Design a stack to retrieve original elements and return the minimum element in O(1) time and O(1) space

Our task is to design a Data Structure SpecialStack that supports all the stack operations like push(), pop(), isEmpty(), isFull() and an additional operation getMin() which should return minimum element from the SpecialStack. All these operations of SpecialStack must be performed with time complexity O(1).
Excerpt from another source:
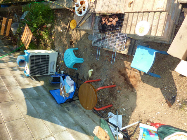 母の日なので、ワイフの家族を招いて焼肉。その前に仮設移動式肉焼き場を固定式建設予定地へ移動させたら、悪戯用のおもちゃ位大きく禍々しいムカデが現れたが、元々、いるだろうとビンとトングを用意していたので難なく捕獲(待て利用法)。

To implement SpecialStack, you should only use standard Stack data structure and no other data structure like arrays, list etc.

Example:

Consider the following Special-Stack
16  --> TOP
15
29
19
18

When getMin() is called it should return 15, which is the minimum 
element in the current stack. 

If we do pop two times on stack, the stack becomes
29  --> TOP
19
18

When getMin() is called, it should return 18 which is the minimum 
in the current stack.


An approach that uses O(1) time and O(1) extra space is discussed here. However, in the previous article the original elements are not recovered. Only the minimum element is returned at any given point of time.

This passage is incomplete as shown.